[Recorded data]
☆ ☆ ☆ ☆

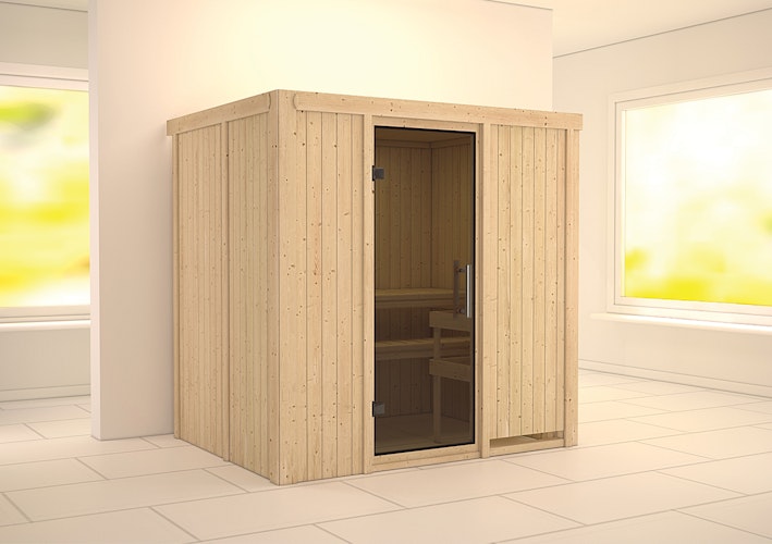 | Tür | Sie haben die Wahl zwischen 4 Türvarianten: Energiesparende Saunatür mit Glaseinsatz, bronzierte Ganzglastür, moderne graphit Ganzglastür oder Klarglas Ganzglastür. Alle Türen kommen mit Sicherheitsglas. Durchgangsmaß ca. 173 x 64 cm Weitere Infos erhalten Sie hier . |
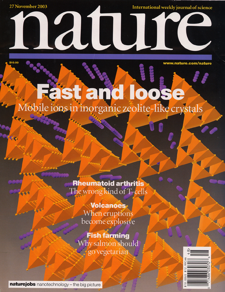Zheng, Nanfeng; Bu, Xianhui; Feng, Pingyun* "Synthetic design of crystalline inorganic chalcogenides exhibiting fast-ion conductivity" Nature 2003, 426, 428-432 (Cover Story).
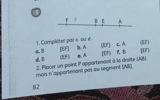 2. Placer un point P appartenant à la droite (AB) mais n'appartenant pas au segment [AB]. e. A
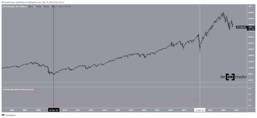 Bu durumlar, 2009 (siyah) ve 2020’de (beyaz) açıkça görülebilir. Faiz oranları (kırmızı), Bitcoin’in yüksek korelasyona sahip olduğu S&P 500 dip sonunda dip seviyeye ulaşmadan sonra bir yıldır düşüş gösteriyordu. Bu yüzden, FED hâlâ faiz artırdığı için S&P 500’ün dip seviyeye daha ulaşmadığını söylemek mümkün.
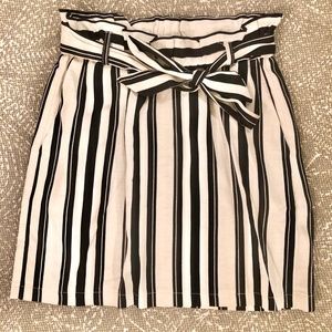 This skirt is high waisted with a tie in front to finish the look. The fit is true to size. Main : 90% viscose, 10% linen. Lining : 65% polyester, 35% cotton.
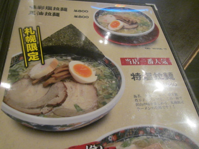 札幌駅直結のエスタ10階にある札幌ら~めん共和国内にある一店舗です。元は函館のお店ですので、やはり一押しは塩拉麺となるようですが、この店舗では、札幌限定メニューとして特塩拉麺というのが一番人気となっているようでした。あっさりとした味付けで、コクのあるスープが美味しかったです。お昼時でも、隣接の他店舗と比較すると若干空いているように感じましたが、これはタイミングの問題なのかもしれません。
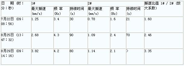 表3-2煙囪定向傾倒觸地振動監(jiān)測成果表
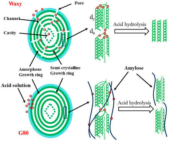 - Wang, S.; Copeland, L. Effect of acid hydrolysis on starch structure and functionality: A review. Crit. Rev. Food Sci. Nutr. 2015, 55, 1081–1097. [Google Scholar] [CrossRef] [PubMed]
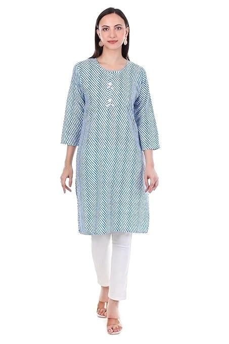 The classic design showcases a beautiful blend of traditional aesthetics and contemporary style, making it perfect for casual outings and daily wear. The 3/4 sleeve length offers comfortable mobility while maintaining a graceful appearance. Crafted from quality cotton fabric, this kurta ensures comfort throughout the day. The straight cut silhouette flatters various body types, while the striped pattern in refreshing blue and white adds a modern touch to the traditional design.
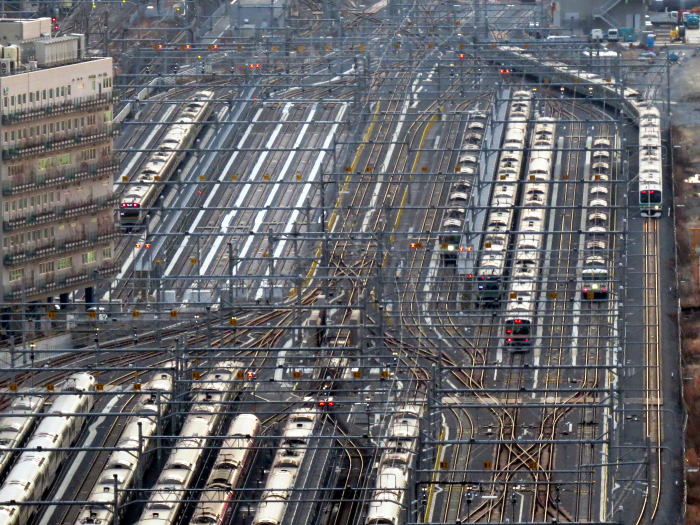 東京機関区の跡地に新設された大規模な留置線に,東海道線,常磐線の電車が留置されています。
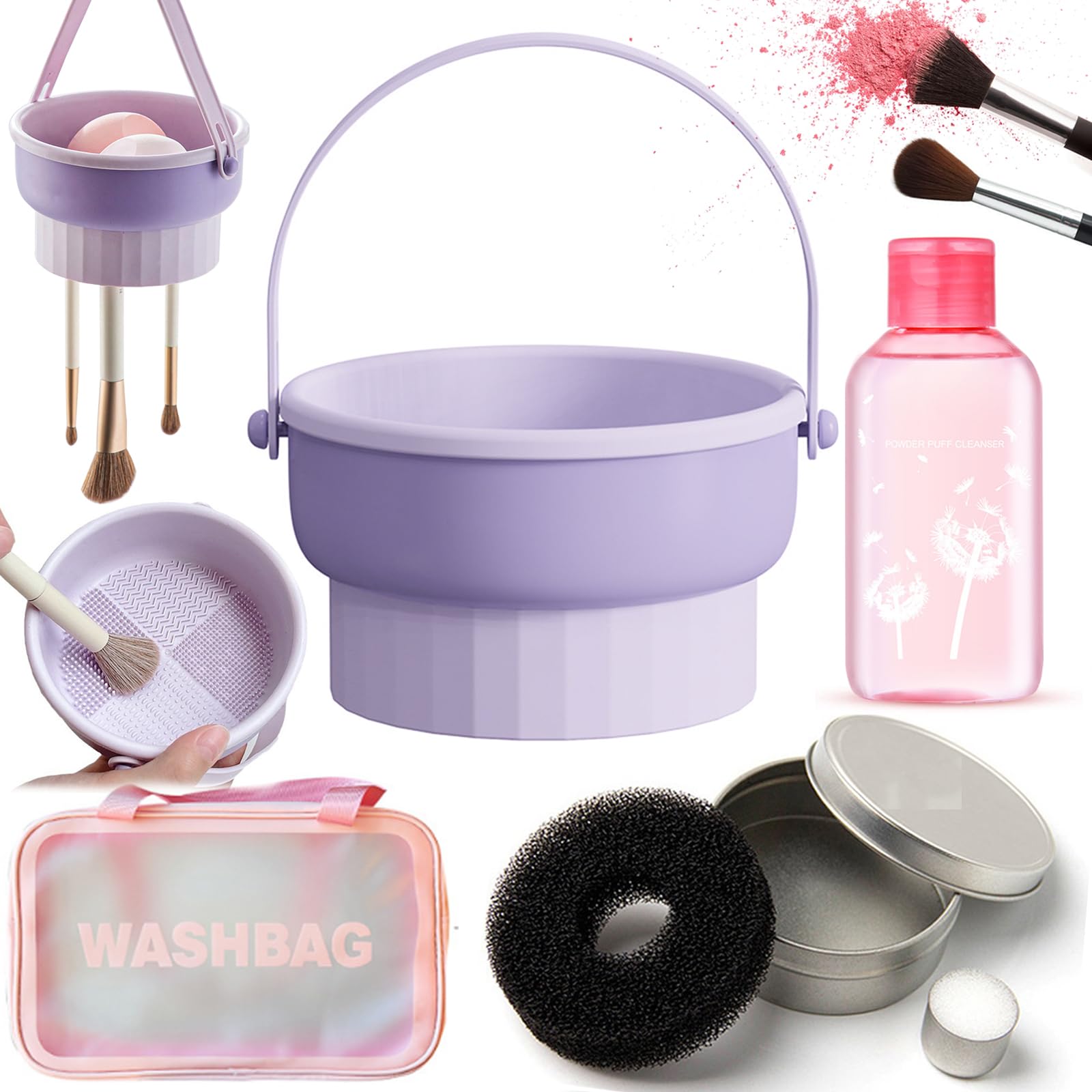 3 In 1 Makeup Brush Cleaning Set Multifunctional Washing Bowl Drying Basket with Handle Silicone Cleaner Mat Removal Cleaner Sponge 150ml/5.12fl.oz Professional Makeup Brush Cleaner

☆ ☆ ☆ ☆

Required work => Look back at the data above, then output exactly the lines from the line holding "札幌駅直結のエスタ10階にあ" up to and including the line holding "- Wang, S.;". Leave out the pictures.

The completed task =>
 札幌駅直結のエスタ10階にある札幌ら~めん共和国内にある一店舗です。元は函館のお店ですので、やはり一押しは塩拉麺となるようですが、この店舗では、札幌限定メニューとして特塩拉麺というのが一番人気となっているようでした。あっさりとした味付けで、コクのあるスープが美味しかったです。お昼時でも、隣接の他店舗と比較すると若干空いているように感じましたが、これはタイミングの問題なのかもしれません。
 表3-2煙囪定向傾倒觸地振動監(jiān)測成果表
 - Wang, S.; Copeland, L. Effect of acid hydrolysis on starch structure and functionality: A review. Crit. Rev. Food Sci. Nutr. 2015, 55, 1081–1097. [Google Scholar] [CrossRef] [PubMed]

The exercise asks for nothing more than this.